Multiple stakeholders particularly related to housing, livelihoods, and environment would be affected in any (re)development of the Musi (Ramachandraiah 2007). It is essential to include multiple narratives rather than furthering singularly-focused technocratic consensus under the rubric of development agenda to normalise the control of urban commons. Struggling to make sense of complexities in a city, techno-managerial solutions are a simplistic fallback option. In the process, as Jane Jacobs (1961) notes, "Nature, sentimentalized and considered as the antithesis of cities, is apparently assumed to consist of grass, fresh air and little else,  and this ludicrous disrespect results in the devastation of nature even formally and publicly preserved in the form of a pet." 

The lens of Musi riverscape highlights the need to bring the ecological and social aspects of sustainability at the centre of the planning process.

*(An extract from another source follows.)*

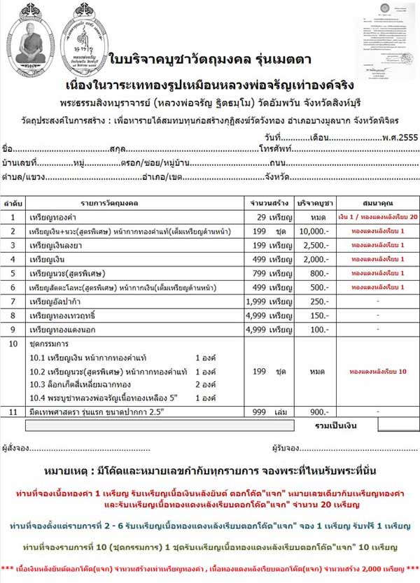 แจ้งข่าวดีสำหรับท่านที่ร่วมบุญสั่งจองบูชาวัตถุมงคลรุ่น"เมตตา" เนื่องจากมีผู้ให้ความสนใจและมีการร่วมบุญสั่งจองบูชาเข้ามาเป็นจำนวนมากเกินกว่าที่คาดไว้ ทางคณะกรรมการจึงมีมติจัดสร้างเหรียญขึ้นมาจำนวน 2,000 เหรียญ (ตอกโค๊ด ไม่มีหมายเลข) เพื่อสมนาคุณและเป็นการขอบคุณ แก่ผู้ที่ได้สั่งจองบูชาร่วมบุญสมทบทุนก่อสร้างกุฏิสงฆ์วัดวังทอง อำเภอบางมูลนาก จังหวัดพิจิตรในครั้งนี้ครับ โดยเหรียญจำนวนหนึ่งจะนำแจกจ่าย แก่ผู้ที่ได้มาเข้าร่วมพิธีอธิษฐานจิตปลุกเสกที่วัดอัมพวันครับ ^^ |

Fortunately, there is a growing sensitisation among the authorities concerned to have demarcation of maximum flood levels, to improve capacity of STPs, and to protect river from encroachments and indiscriminate waste disposal. The way forward is the realisation of negative externalities of mindless accumulations and the real tragedy of commons. Understanding that waterbodies exist in a network, any attempt to tinker with the flow of even one particular waterbody is bound to create a system-wide negative impact. Therefore, instead of focusing on just the riverfront beautification, there is a need to plan for a river catchment area and its network of natural flows. Such realisation by all stakeholders will repoliticise the urban commons to move towards socioecologically sustainable, bottom-up and participatory governance of commons.